Confidence Intervals with Bootstrapping

Chapter 12

In groups

  • Discuss Homework: Chapter 12, #1, 3, 7

Confidence Intervals


Goal is to estimate a population parameter

\(p\) – true value of a parameter (usually unknown)

\(\hat {p}\) – sample statistic


How confident can we be that the value of \(\hat {p}\) is close to \(p\)?

Case Study

A medical consultant helps guide transplant patients through all the stages of surgery. Out of a total of 62 clients, only 3 had complications:

\[ \hat{p} = 3/62 = 0.048 \]

Consultant claims that her rate is less than the national rate of 10%.

Question – how confident can we be that \(p\) is less than the national rate of 0.1?

Distributions

We know that there’s some variation in the data. But how much?

If this particular consultant had another 62 clients, how many of them might have complications?


This is similar to what we did last week.

We need to know the sampling distribution.

Two Steps

  1. Find the distribution

  2. Use the distribution to find confidence interval

Step 1 – Find Sampling Distribution

  • Determine with math!
    We’ll come back to this in Chapter 13.

  • Bootstrapping!
    Use the observed proportion to construct a new population and resample from that.

  • Someone else gives this to us. (e.g. see Chapter 12 homework)

Bootstrap

Want 62 new outcomes each with a 0.048 chance of having a complication.
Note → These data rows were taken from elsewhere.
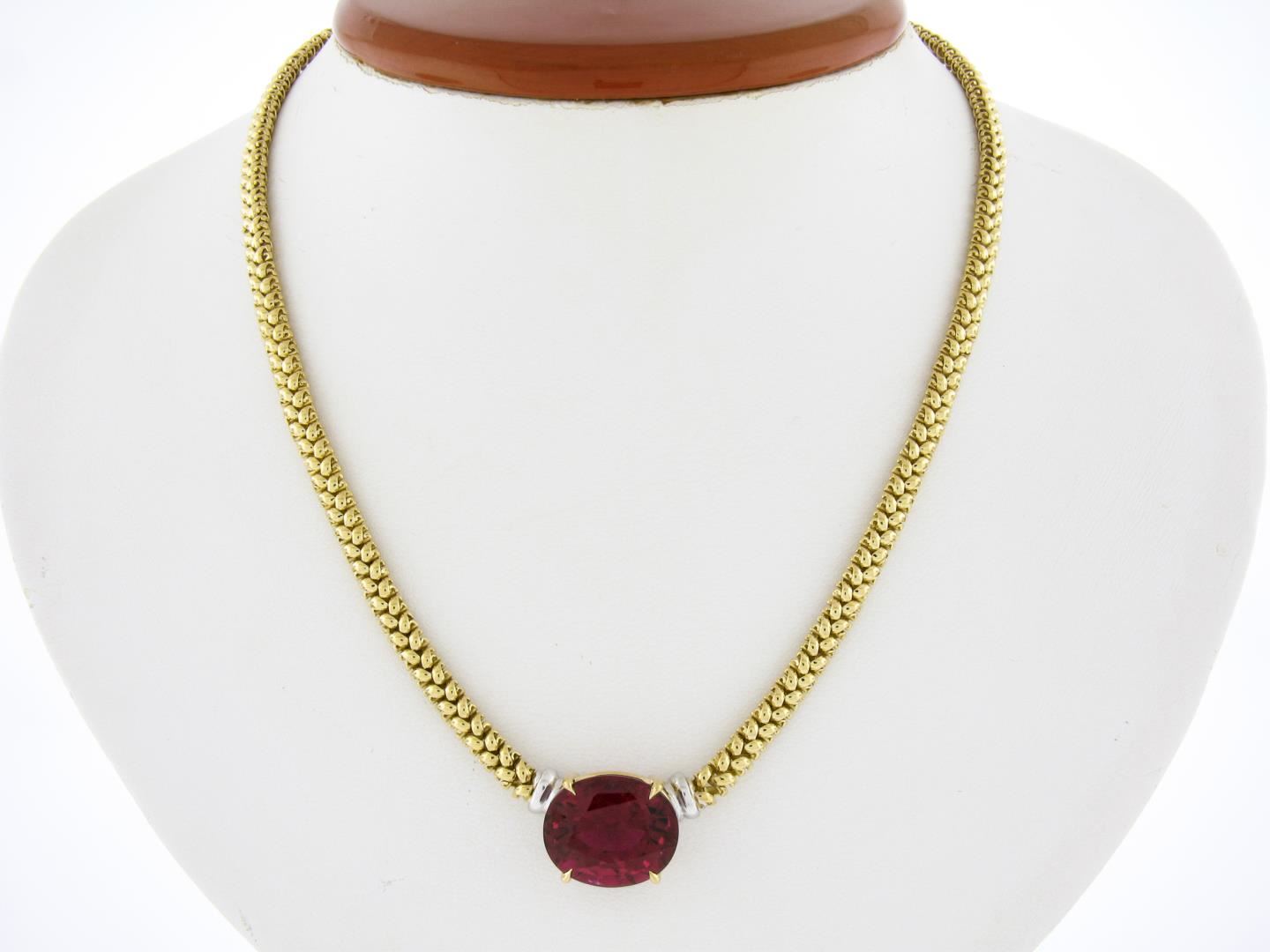 A solid 18k yellow & white gold necklace, with 1 GIA graded oval cut natural rubellite tourmaline (12.82ct). 16 inch Braided link chain, 35.90 grams total weight, pendant measures 13.1x20.8mm. Comes with all original relevant certifications.
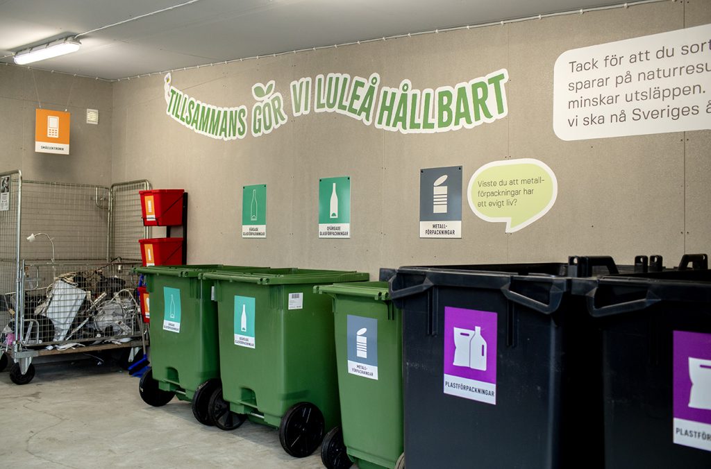 Luleå har 52 stycken återvinningsstationer. Här ska du endast göra dig av med utsorterade förpackningar. För mer information om var du hittar närmsta återvinningstation eller hur du gör en felanmälan läs mer här: Återvinningsstationer – Lumire
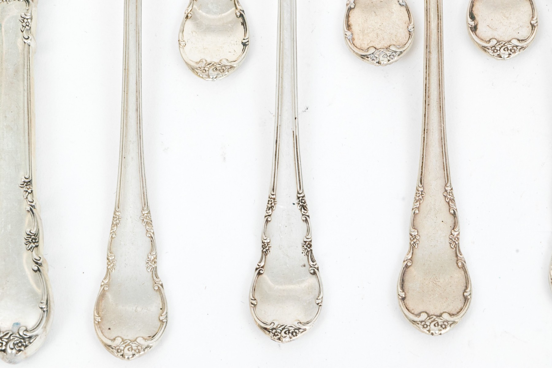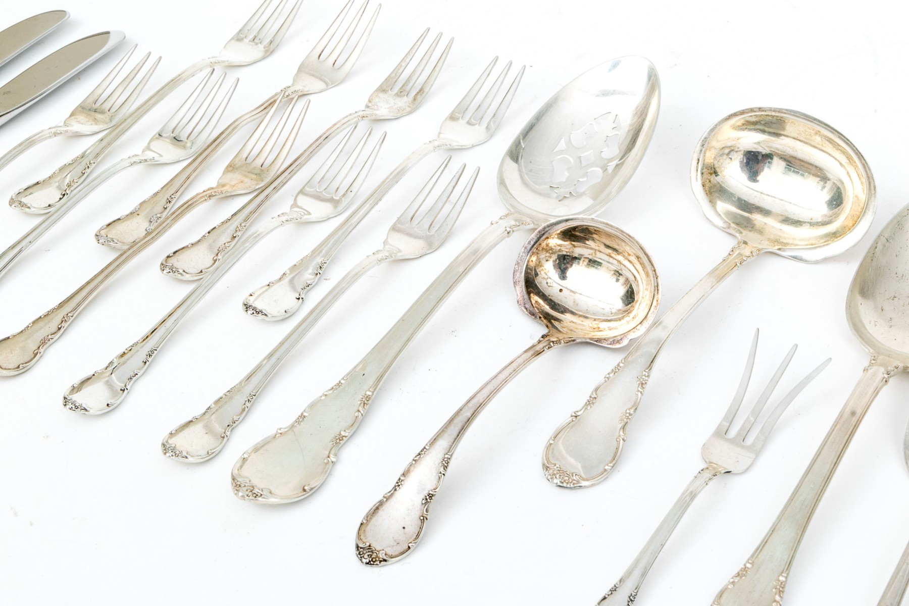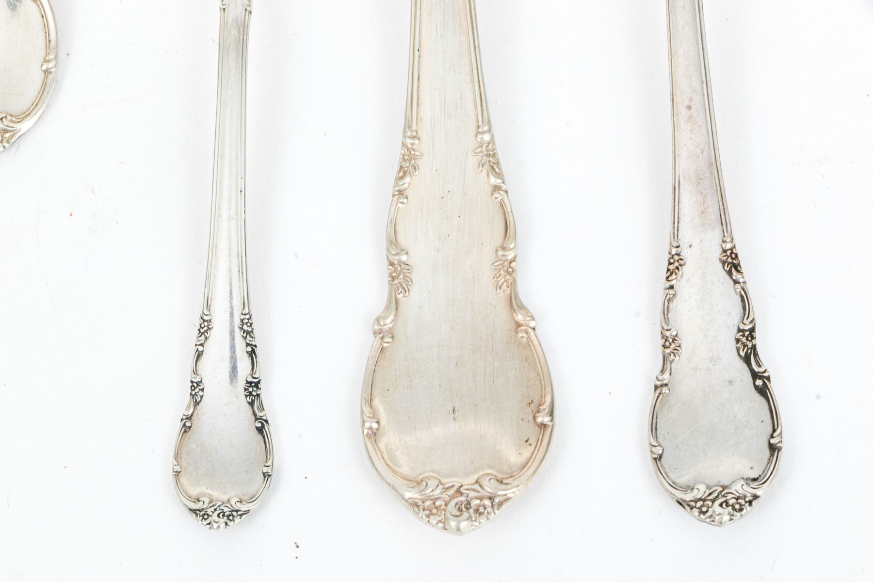 A collection of Lunt "Modern Victorian" sterling silver flatware featuring elegantly tapered necks and serpentine handles with dainty floral relief. The collection includes:
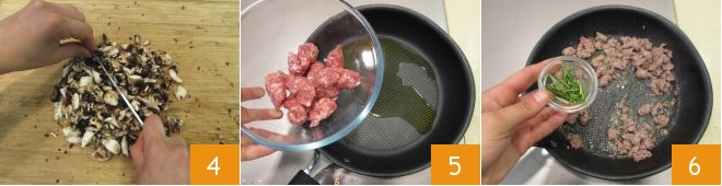 Chop the inside of the mushrooms 4 and set it aside along with the caps. Heat the oil in a pan, add the sausage paste 5 and brown it briefly, breaking it up with a wooden spoon, then add the rosemary 6.
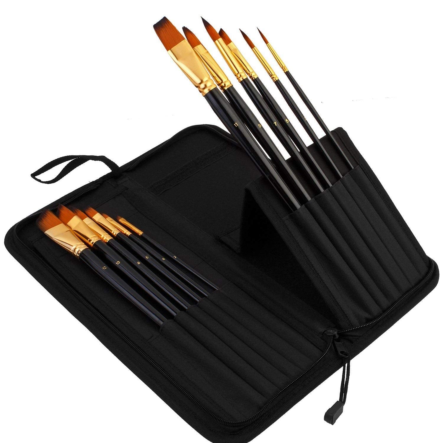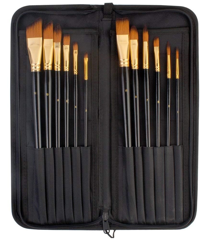 Qatalitic Set of 12 Professional & Exclusive Fine Art Long Handled Premium Paint Brush Set & Zippered Carry Bag with Pop Up Stands for Oil Acrylic Watercolor Painting
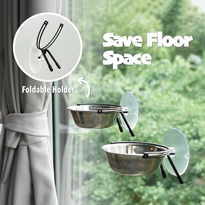 PETKARAY Window Cat Bowls, Cat Food Bowl for Window, Dog Proof Cat Feeding Station, Foldable Stainless Kitty Bowl 12 Ounces (Pack of 2)
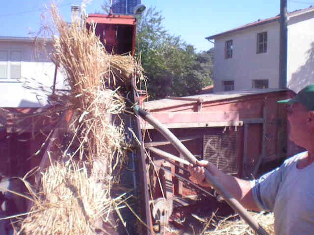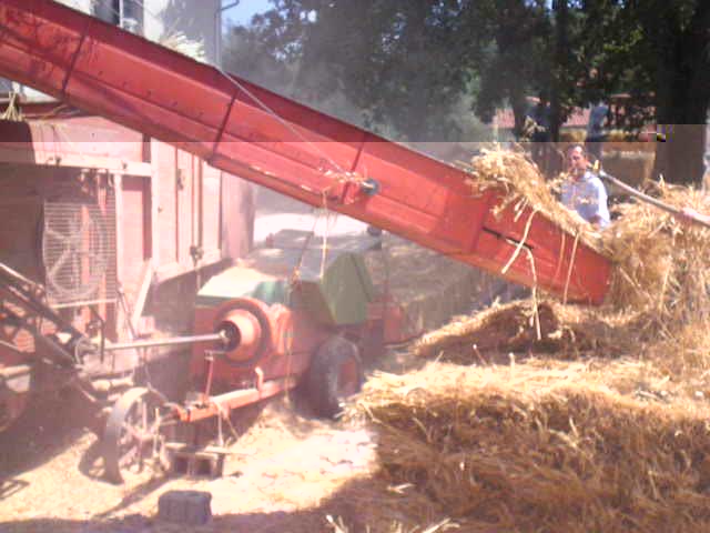 Io ho 17 anni, sicuramente non avrò l'esperienza e i ricordi che avranno molti di voi, ma per fortuna, ancora oggi, per un giorno all'anno posso dire: - ho imboccato i covoni di grano (da noi gregne) nella trebbia
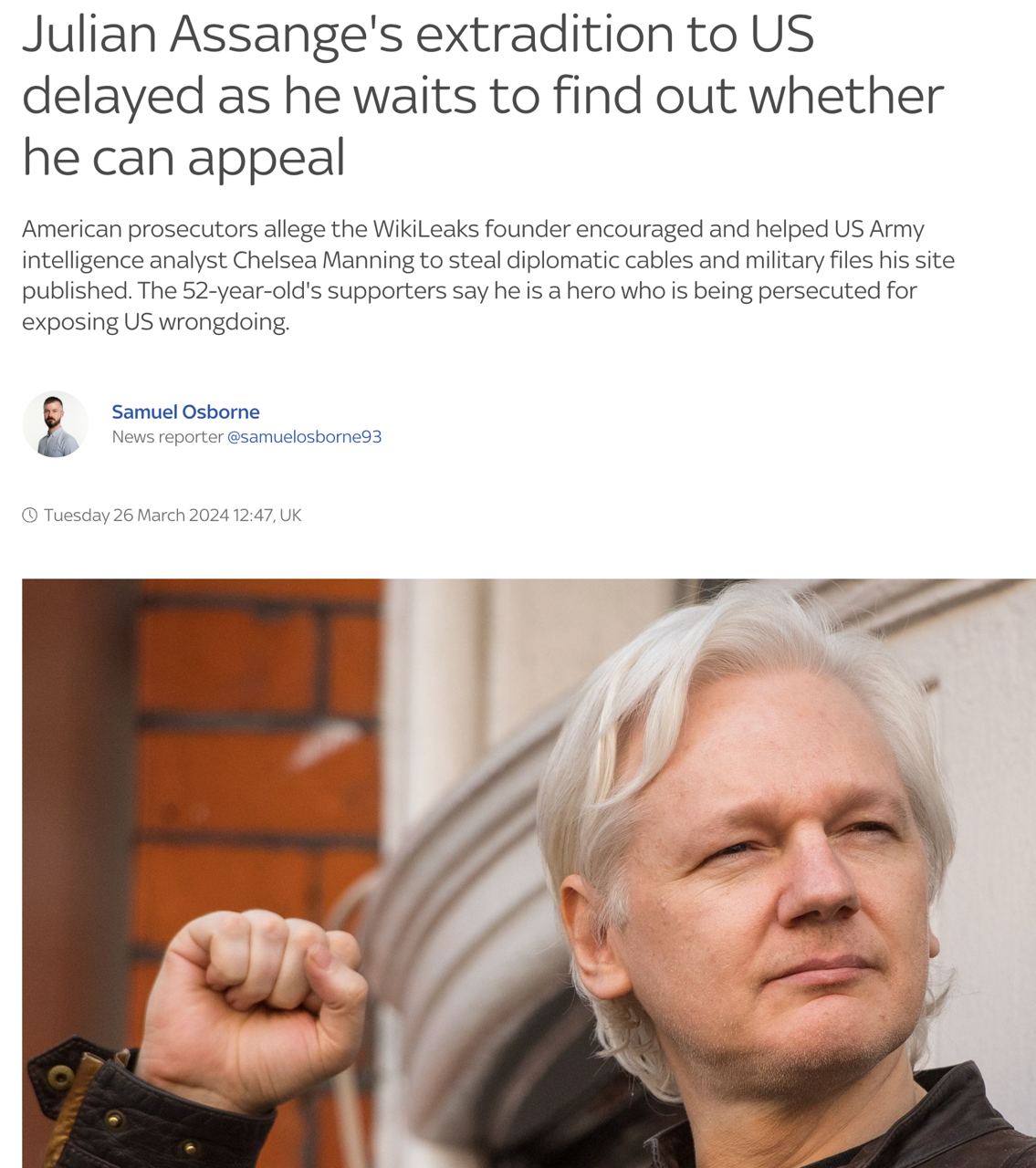Суд Британии отложил экстрадицию основателя Wikileaks Ассанжа в США - Sky News
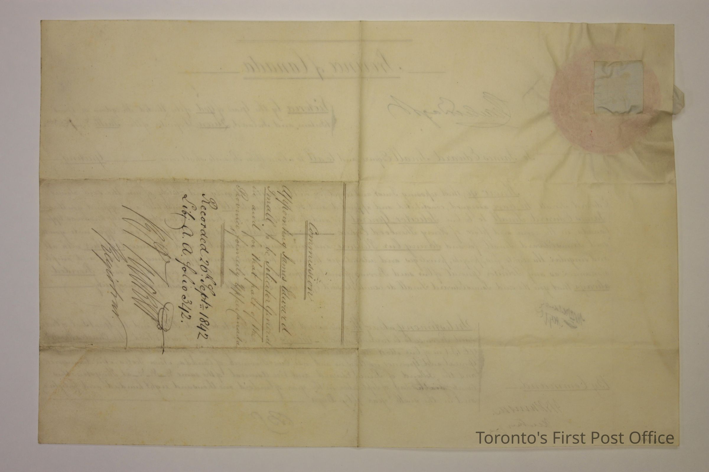 Commission appointing James Edward Small to be Solicitor General in and for that part of the Province, formerly Upper Canada; recorded 26th Sept. 1842; folio 342; signed R. Tucker, Registrar; manuscript; wafer seal is of Province of Canada; parchment; signed also by Sir Charles Bagot, Governor General, and Robert Baldwin.Dimensions
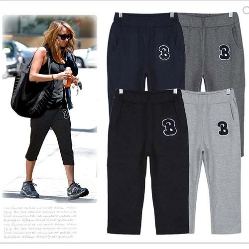 [셀럽하우스]여성 QVIX7737 여자 7부 B로고 트레이닝 팬츠 바지 캐주얼룩
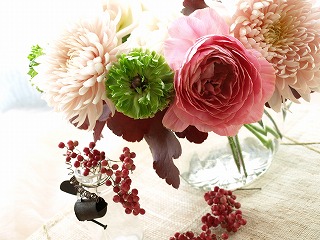 今日もまた花展の練習作品です(*^O^*) 自分で刺繍した作品を椅子にのせて刺繍した図柄と同じものをテーブルに再現しよう~というもの。当日は刺繍にあるようなポットとカップもお目見えしてお花も同じようにバラがメインになるのだそうです。最初、生徒さんにアイディアを聞いたときなんて素敵なのーーと思いました!刺繍はとても手が込んでいてすばらしいです。どうぞ当日じっくりそちらもご覧になってくださいね。 今日、花展のときに展示する私のプロフィールや教室の様子を撮った写真を持って生徒さんが打ち合わせにきました。私の花教室で唯一の20代。若くてかわいい彼女は本業がカメラマンさん。(主にブライダル)その彼女が「今度の花展で先生の写真飾ろうと思ってー」といってくれたのはだいぶ前のこと。ありがとーーとそのときは答えて深く考えていなかったのです。先週の花教室のときに「写真撮りに行きます。」といって撮りに来てくれて初めてちゃんとしたポートレートを撮るんだったんだーと気がついた私。窓側に椅子をセットしてお花なんぞ持って撮っていただきました。だいぶ恥ずかしいですが・・・・ぼんやりとフィルター(?)がかけられあっちこっちが修正されてすばらしい写真が出来上がりました♪(私の中で精一杯の・・・これ以上望んではバチがあたります。)・・・・・でも、実物が同じ場所にいるというのに写真と違うーーーと来てくれたお客様が驚きはしないか・・・・ちょっと心配。お教室の様子もまたこれから撮ってくれるそうです。花展のときは彼女の撮った写真も一緒にお楽しみくださいましね^^

Put 62 marbles in a bag

  • 3 labeled “C”
  • 59 labeld “NC”
  1. pick a marble
  2. note outcome
  3. put back into bag (sample with replacement)
  4. repeat

Resample #1

“NC”, “NC”, “NC”, “NC”, “NC”, “C”, “NC”, “C”, “NC”, “NC”, “NC”, “NC”, “NC”, “NC”, “NC”, “NC”, “NC”, “NC”, “C”, “NC”, “NC”, “NC”, “NC”, “NC”, “NC”, “NC”, “NC”, “NC”, “NC”, “NC”, “NC”, “NC”, “NC”, “NC”, “NC”, “NC”, “NC”, “NC”, “NC”, “NC”, “NC”, “NC”, “NC”, “NC”, “NC”, “NC”, “NC”, “NC”, “NC”, “NC”, “NC”, “NC”, “NC”, “NC”, “NC”, “C”, “NC”, “NC”, “NC”, “C”, “NC”, “NC”


Complications: 5/62 = 0.081

Resample many times to get sample distribution

set.seed(25) 

boot_dist_donor <- organ_donor |>
  specify(response = outcome, success = "complication") |>
  generate(reps = 1000, type = "bootstrap") |>
  calculate(stat = "prop")

Visualize

boot_dist_donor |>
  ggplot( aes(x = stat)) +
  geom_histogram(binwidth = 0.011, col="white")

Visualize

visualize(boot_dist_donor)

Step 2 – Use Sampling Distribution to get confidence interval

Estimate 95% confidence interval from graph

95% confidence interval

Confidence Interval #2

boot_dist_donor |>
  summarize(
    lower = quantile( stat, 0.025),
    upper = quantile( stat, 0.975)
  )
# A tibble: 1 × 2
  lower upper
  <dbl> <dbl>
1     0 0.113

Confidence Interval #3

ci <- boot_dist_donor |>
  get_confidence_interval(level = 0.95)

ci
# A tibble: 1 × 2
  lower_ci upper_ci
     <dbl>    <dbl>
1        0    0.113

visualize

visualize(boot_dist_donor) +
  shade_confidence_interval(ci)

Interpretation

We are 95% confident that the true proportion is between 0.0 and 0.113.

Notice that this interval contains the national rate of 0.1.

Therefore we cannot be confident (at a 95% level) that true proportion is less than 10%!